- _Dataset content_:
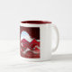 Abstraktes Landschaftsdesign in verschiedenen Rottönen mit einem Mondschein, Hügeln, Bäumen, Wolken und Vögeln.
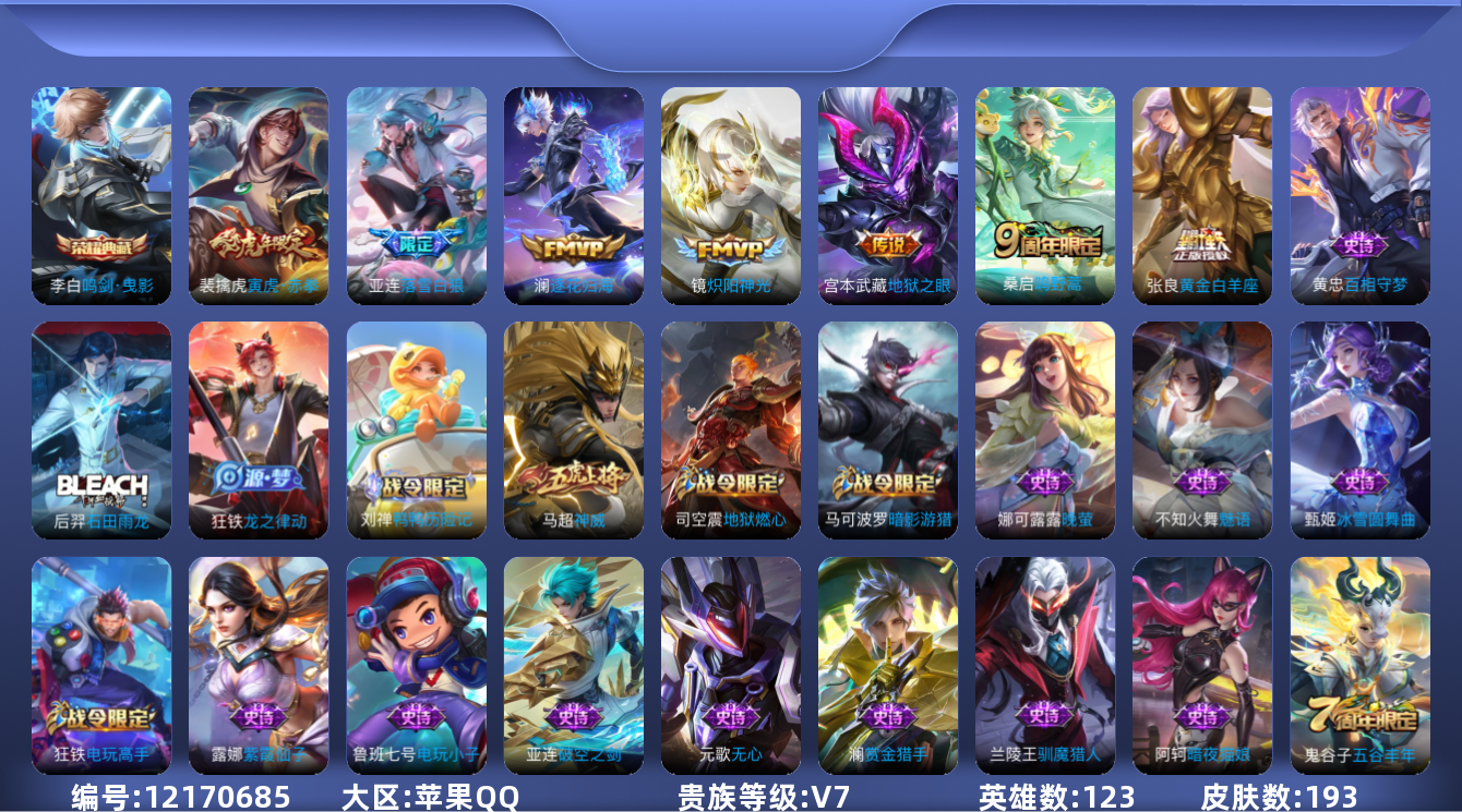 [12170685]V7 1典藏 7传说 123英雄 193皮肤 可修改实名 优质装备:鸣剑·曳影,黄金白羊座,炽阳神光,地狱之眼,澜逐花归海 传说皮:落雪白狼 珍宝阁皮:胡桃夹子,万物之道 限定皮:鸣野蒿,神威(电光马子),遇见飞天,高山流水,五谷丰年,寅虎·赤拳(老虎年限) 史诗皮:鸭鸭历险记-刘禅,星界战将,龙之律动,石田雨龙,破空之剑,百相守梦-黄忠,紫霞仙子,电玩小子(小书包),黄金分割率,特工魅影,千年之狐,江河有灵,魅语,百解令(蒙犽),蒙恬荣光圣徽,冰冠公主,偶像歌手,晚萤,电玩·爆裂旋风,暗夜猫娘,末日机甲-吕布,猫狗日记-大乔,节奏热浪,摇滚巨星,天才门将,星夜王子,心灵骇客,暗隐猎兽者,幽灵船长,鬼剑武藏,乐园奇幻夜,拒霜思,乘风破浪,逐浪之夏,水晶猎龙者,金属风暴,原初追逐者,圣诞狂欢,圣诞恋歌,鹰眼统帅,王者之锤,魅力维加斯,黎明之约,赏金猎手,无心,未来纪元-赵云
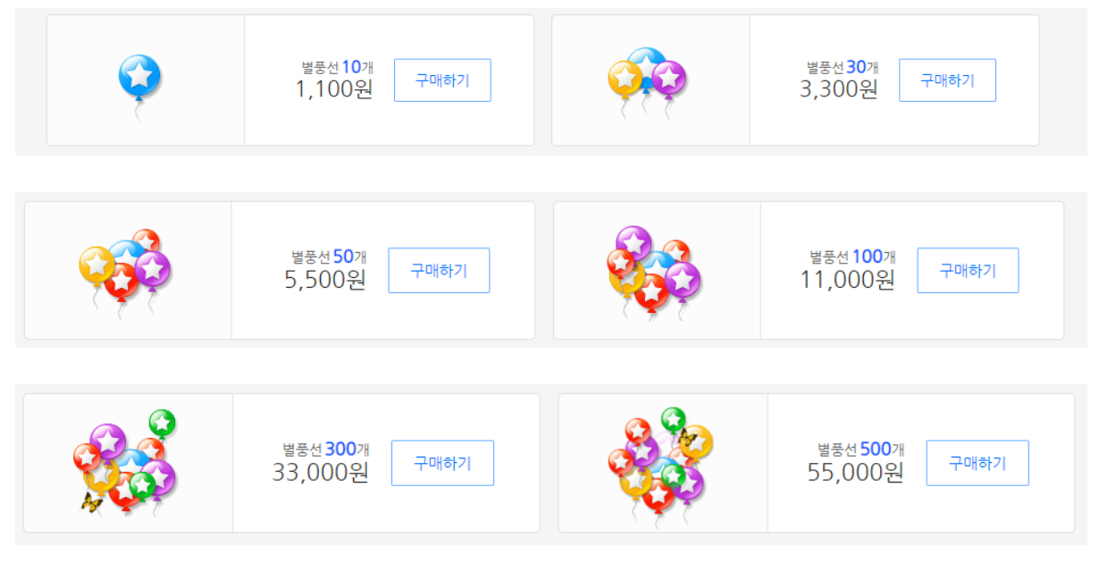 아프리카tv 별풍선 가격은 1개당 110원(부가세 10% 포함)입니다. 10개, 30개, 50개, 100개, 300개, 500개 단위로 별풍선 구매를 하실 수 있습니다.
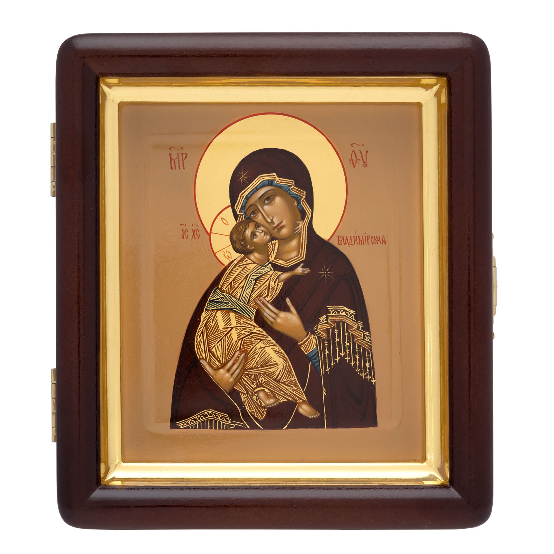 Икона живописная на доске в киоте 11х13 темпера, золоченый нимб, ковчег, киот №1 Владимирская БМ, 01415

- _Aim of the task_: The reply must hold every line above exactly as written and none of the pictures.

- _Result_:
 Abstraktes Landschaftsdesign in verschiedenen Rottönen mit einem Mondschein, Hügeln, Bäumen, Wolken und Vögeln.
 [12170685]V7 1典藏 7传说 123英雄 193皮肤 可修改实名 优质装备:鸣剑·曳影,黄金白羊座,炽阳神光,地狱之眼,澜逐花归海 传说皮:落雪白狼 珍宝阁皮:胡桃夹子,万物之道 限定皮:鸣野蒿,神威(电光马子),遇见飞天,高山流水,五谷丰年,寅虎·赤拳(老虎年限) 史诗皮:鸭鸭历险记-刘禅,星界战将,龙之律动,石田雨龙,破空之剑,百相守梦-黄忠,紫霞仙子,电玩小子(小书包),黄金分割率,特工魅影,千年之狐,江河有灵,魅语,百解令(蒙犽),蒙恬荣光圣徽,冰冠公主,偶像歌手,晚萤,电玩·爆裂旋风,暗夜猫娘,末日机甲-吕布,猫狗日记-大乔,节奏热浪,摇滚巨星,天才门将,星夜王子,心灵骇客,暗隐猎兽者,幽灵船长,鬼剑武藏,乐园奇幻夜,拒霜思,乘风破浪,逐浪之夏,水晶猎龙者,金属风暴,原初追逐者,圣诞狂欢,圣诞恋歌,鹰眼统帅,王者之锤,魅力维加斯,黎明之约,赏金猎手,无心,未来纪元-赵云
 아프리카tv 별풍선 가격은 1개당 110원(부가세 10% 포함)입니다. 10개, 30개, 50개, 100개, 300개, 500개 단위로 별풍선 구매를 하실 수 있습니다.
 Икона живописная на доске в киоте 11х13 темпера, золоченый нимб, ковчег, киот №1 Владимирская БМ, 01415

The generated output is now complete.